In terms of major changes in liabilities, as of the end of the third quarter of 2024, the company's notes payable and accounts payable increased by 63.83% from the end of the previous year, accounting for 4.95 percentage points of the company's total assets, long-term borrowings decreased by 16.12% from the end of the previous year, accounting for 1.38 percentage points of the company's total assets, employee compensation payable decreased by 48.57% from the end of the previous year, accounting for 0.77 percentage points of the company's total assets, and short-term borrowings decreased by 37.49% from the end of the previous year. The proportion of the company's total assets decreased by 0.71 percentage points.
For the first three quarters of 2024, the company has a current ratio of 2.65 and a quick ratio of 2.03.
The third quarterly report shows that among the top ten circulating shareholders of the company at the end of the third quarter of 2024, the new shareholder is the Southern CSI 1000 Exchange-traded Open-ended Index Securities Investment Fund, replacing Long Zaiping at the end of the second quarter.

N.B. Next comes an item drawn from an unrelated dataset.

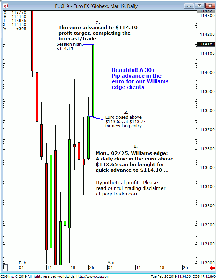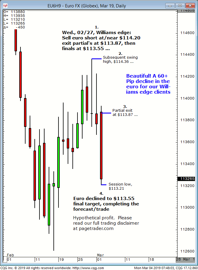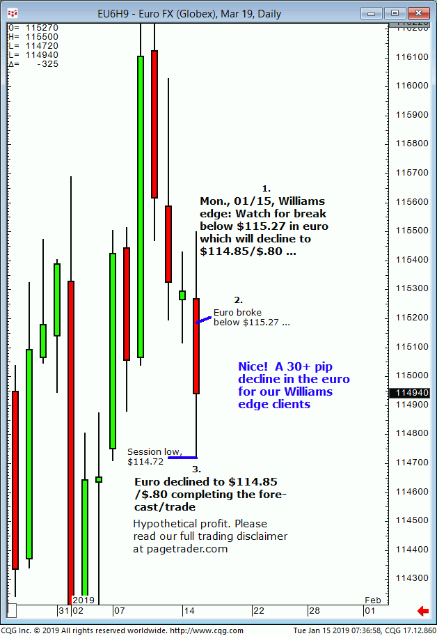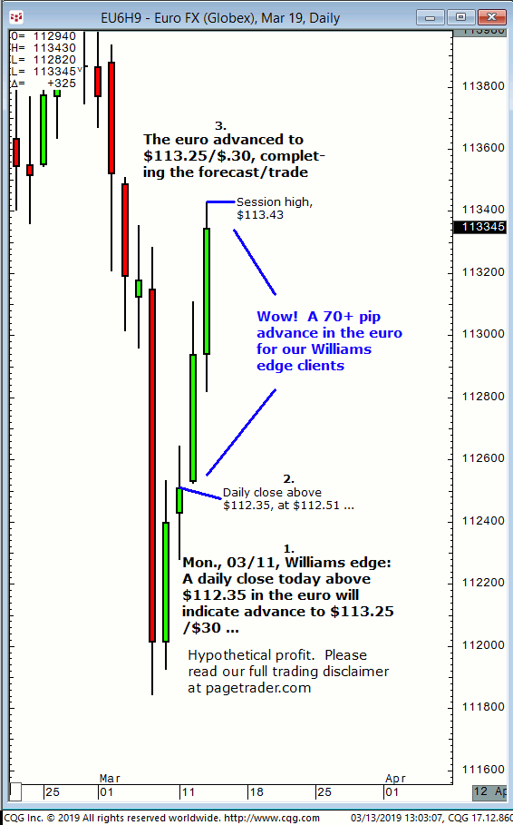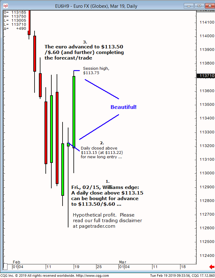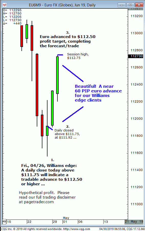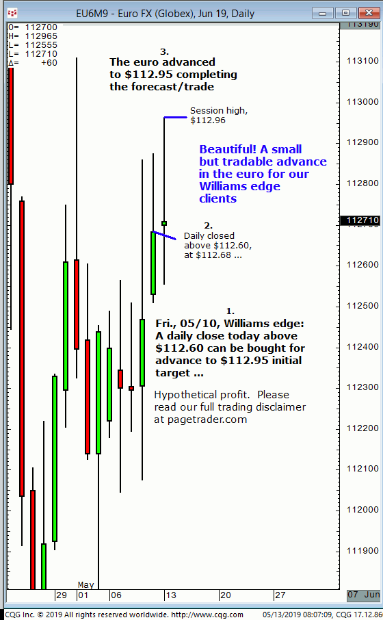 June euro: 1. In last Friday’s (05/10) Williams edge session it was noted that a daily close that session above $112.60 could be bought for a tradable advance to $112.95 initial target. 2. Subsequently, the euro advanced and completed the $112.95 target (session high, $112.96). This successfully completes the forecasts/trade. David Williams

In terms of specific shareholding ratio, Luo Xiaobin's shareholding has increased, and E Fund's shareholding in Stable Income Bond Securities Investment Fund has decreased.

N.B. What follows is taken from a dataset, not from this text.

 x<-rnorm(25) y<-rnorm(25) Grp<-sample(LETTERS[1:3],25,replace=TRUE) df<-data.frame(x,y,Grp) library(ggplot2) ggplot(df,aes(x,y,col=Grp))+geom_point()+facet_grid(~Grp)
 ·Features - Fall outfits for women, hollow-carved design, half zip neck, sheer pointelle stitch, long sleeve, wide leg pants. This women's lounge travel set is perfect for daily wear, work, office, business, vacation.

name | The number of outstanding shares held (10,000 shares) | accounts for the proportion of total share capital (%) | ,the proportion of change (%) |
---|---|---|---|
, Shenzhen Guangfeng Holdings Co., Ltd. | 7976.27 | 17.1483 | unchanged |
Shenzhen Yuanshi Laser Industry Investment Consulting Partnership (Limited Partnership). | 2413.95 | 5.1897 | unchanged |
Nantong Strait Guangfeng Investment Partnership (Limited Partnership) | 1838.12 | 3.9518 | unchanged |
Shenzhen Guangfeng Daye Investment Limited Partnership (Limited Partnership) | 1705.62 | 3.6669 | unchanged |
Shenzhen Guangfeng Hongye Investment Limited Partnership (Limited Partnership) | 1360.13 | 2.9241 | unchanged |
Shenzhen Guangfeng Chengye Consulting Partnership (Limited Partnership) | 1039.48 | 2.2348 | unchanged |
Shenzhen Jinlei Jing Investment Limited Partnership (Limited Partnership) | 989.27 | 2.1268 | unchanged |
E Fund Stable Income Bond Type Securities Investment Fund | 815.11 | 1.7524-0.386 | |
Luo Xiaobin | 644.2 | 1.3849 | 0.438 |
CSI 1000 ETF | 393.58 | 0.8461 | New |
Proofreading: Shen Nan
Indicator Annotation:
P/E ratio = total market capitalization / net profit. When the company loses money, the P/E ratio is negative, and it is not practical to use the P/E ratio for valuation, and the P/B ratio or P/B ratio is often used as a reference.

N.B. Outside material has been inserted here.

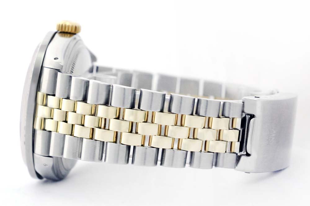WATCH DETAILS: ITEM: WatchBRAND: RolexTYPE: Two ToneFEATURE: QuickSetMODEL: DateJustMADE: Swiss MadeGENDER: Men'sCONDITION: Pre-OwnedFUNCTION: DateDIAL COLOR: whiteHOUR MARKERS: 10 Round Custom Made DiamondBEZEL TYPE: Custom Made Diamond BezelBEZEL STONE: Diamond 1.14 CTW G-VVS1 BEZEL MATERIAL: 18K GoldBRACELET TYPE: Jubilee BRACELET MATERIAL: 14K Yellow Gold & Stainless SteelCLASP TYPE: Folding ClaspCLASP MATERIAL: Stainless SteelCASE STONE: CASE SIZE: 36mmCRYSTAL: Scratch Resistance Sapphire CrystalMOVEMENT: Automatic (Self Winding)CALIBER: 3035CROWN TYPE: Screw Down CrownWATER RESISTANCE: Waterproof to 10 ATM/100 meters/330 feetMODEL #: 16013SKU #: AMTJQS8We Buy/Sell/Trade Valuable watches, Please call us

Price-to-book ratio = total market capitalization / net assets. The price-to-book ratio valuation method is mostly used for companies with large fluctuations in earnings and relatively stable net assets.
Price-to-sales ratio = total market capitalization / operating income. The price-to-sales ratio method is often used for growing companies that are losing money or making small profits.
The price-to-earnings ratio and price-to-sales ratio in this article are calculated using the TTM method, that is, the data for the 12 months up to the latest financial report (including forecast). The price-to-book ratio is calculated using the LF method, that is, based on the latest financial report data. The quantile calculation range of the three is from the company's listing to the latest announcement date.
When the P/E ratio and price-to-book ratio are negative, the current quantile is not displayed, which will cause the line chart to be interrupted.